This opinion will be unpublished and
may not be cited except as provided by
Minn. Stat. § 480A.08, subd. 3 (2000).
IN COURT OF APPEALS
In the Matter of the
Mary Greenwood for a name change
on behalf of Alyssa Hazlewood, a minor.
Reversed and remanded
Hennepin County District Court
File No. CN0014033
Robert A. McLeod, McLeod & Troy, PA., 2550 University Avenue, Suite 459S, St. Paul, MN 55114 (for appellant father)
Melanie A. Flores, Smith, Paulson, O’Donnell, & Associates, P.L.C., 207 South Walnut Street, P.O. Box 668, Monticello, MN 55362-0668 (for respondent mother)
Considered and decided by Toussaint, Presiding Judge, Crippen, Judge, and Anderson, Judge.
Appellant Stephen Mastey appeals from a trial court decision granting the petition of Respondent Mary Greenwood to change the surname of the child of the parties. Because the record is inadequate to permit review, we reverse and remand.
Respondent Mary Greenwood filed an application to change the surname of her daughter, A.H., from Hazlewood, respondent’s maiden name, to her married name. Appellant Stephen Mastey, A.H.’s natural father, objected and filed a competing application to change A.H.’s surname to Mastey.
The trial court conducted a hearing on December 12, 2000 off the record. The court granted respondent’s application, finding that the child’s best interests were served by this change of name. On appeal, appellant argues that the trial court improperly applied Minnesota law, failed to make adequate findings, and clearly erred in its findings.
ANDERSON, Judge (concurring specially)
I reluctantly concur in the majority disposition, only because I am persuaded that father - appellant did not have an adequate opportunity to present and argue his counter petition to change the minor child’s surname to his surname.
But it is important to understand the circumstances at issue here. Father and mother were never married. The minor child has never used father’s surname. Both parties agree that it makes sense to change the surname of the child, given that it is a name no longer used by either parent.
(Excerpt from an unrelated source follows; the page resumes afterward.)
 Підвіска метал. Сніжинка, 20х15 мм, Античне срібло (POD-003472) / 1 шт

While father would have us believe that the name change requested by mother will have some unarticulated, as yet unknown, negative bearing on the relationship between the minor child and himself, the district court here found that “[the child] seems to be fully capable of understanding who her natural parents are no matter what name she takes.” While the record may be wholly unsatisfactory in other respects, that finding is not disputed by anyone.
Father makes the statement in his brief that “[t]o change Alyssa’s name to Greenwood would only weaken the bond Alyssa shares with her father.” Father offers no evidence, either by way of offer of proof in the district court, or by argument to this court, that such is the case. Further, although father cites as authority the seminal case on name-change disputes between custodial and non-custodial parents, Robinson v. Hansel, 302 Minn. 34, 223 N.W.2d 138 (1974), father leaves unsaid the fact that in Robinson all four children bore the noncustodial father’s name and all were children of the marriage. Id. at 35, 223 N.W.2d 140.
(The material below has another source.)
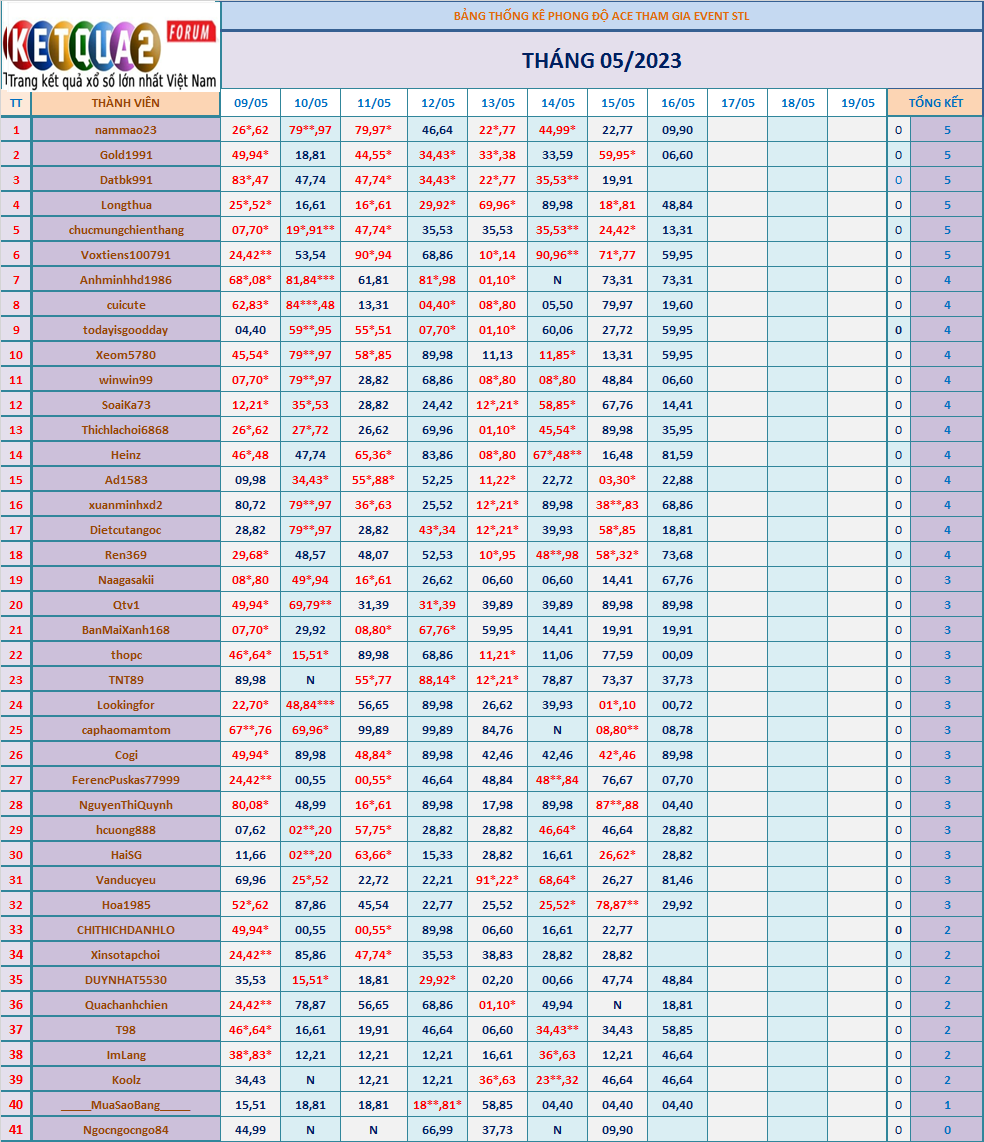 Thảo luận trong 'THẢO LUẬN, DỰ ĐOÁN XSMB' bắt đầu bởi quedau1981, 15/5/23.

Robinson does not apply where the biological parents were not married and it is time to affirmatively recognize this reality. See Aitkin County Family Serv. Agency v. Girard, 390 N.W.2d 906, 908 (Minn. App. 1986) (questioning the weight of Robinson in cases where the biological parents were never married).
The supreme court correctly recognized that a name-change petition, where the minor child is born of a marriage and carries the nonmoving party’s name, has serious implications for the relationship between the nonmoving parent and the child. Robinson, 302 Minn. 35-36, 223 N.W.2d 140. But those concerns are usually not present in the sad, but increasingly common, circumstances we find here – nearly thirty years after Robinson – children born and raised without the benefit of married parents.
I do not mean to suggest by this concurring opinion that there are no circumstances under which a never-married father might argue that a child should properly bear his name. Nor do I suggest that the change of name has anything to do with the father’s rights to unimpeded visitation and to fully participate in his daughter’s life; there is at least a hint in the record that mother may not have been fully cooperative in this regard.
It is very difficult to imagine circumstances justifying a change to father’s surname; but by virtue of the majority decision here, and properly so, appellant will have the opportunity to produce evidence on this point, if evidence is to be had.